Paris Babis

Personal information
- Date of birth: 17 July 1999 (age 27)
- Place of birth: Athens, Greece
- Height: 1.74 m (5 ft 9 in)
- Position: Midfielder

Team information
- Current team: Hellas Syros
- Number: 29

Youth career
- 2011–2013: Anagennisi Petroupoli
- 2013–2017: AEK Athens

Senior career*
- Years: Team / Apps / (Gls)
- 2017–2022: AEK Athens / 0 / (0)
- 2019: → Apollon Pontus (loan) / 9 / (0)
- 2019–2020: → Kalamata (loan) / 14 / (0)
- 2020: → Platanias (loan) / 5 / (0)
- 2020–2021: → Apollon Larissa (loan) / 23 / (1)
- 2021–2022: AEK Athens B / 25 / (1)
- 2022–2023: Lamia / 5 / (0)
- 2023: Athens Kallithea / 12 / (0)
- 2023–2025: Egaleo / 43 / (5)
- 2025–: Hellas Syros / 19 / (2)

= Paris Babis =

Greek footballer (born 1999)

Paris Babis (Πάρης Μπάμπης; born 17 July 1999) is a Greek professional footballer who plays as a midfielder for Super League 2 club Hellas Syros.

==Career==
===AEK Athens===
On 21 August 2017, Babis signed a professional contract with AEK Athens.

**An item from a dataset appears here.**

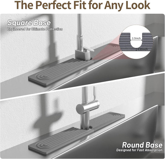 Faucet Mat for Kitchen Sink, Diatomite Stone Drying Sink Protectors, Bathroom Faucet Splash Guard, Quick Dry Water Absorbing, Non-Slip Stone Tray for Kitchen Counter, Grey, 15.7" x 3.9"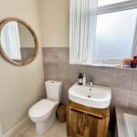 UPVC double glazed rear window, radiator, built-in cupboard housing the combi boiler and ceiling point.

On 31 October 2018, Babis made his debut in Greek Cup in a 4–0 away win game against Apollon Larissa.

====Loan moves====
On 28 January 2019, Babis was loaned to Apollon Pontus.

On 7 September 2019, Babis signed with Football League club Kalamata.

On 31 January 2020, Babis moved to Super League 2 club Platanias.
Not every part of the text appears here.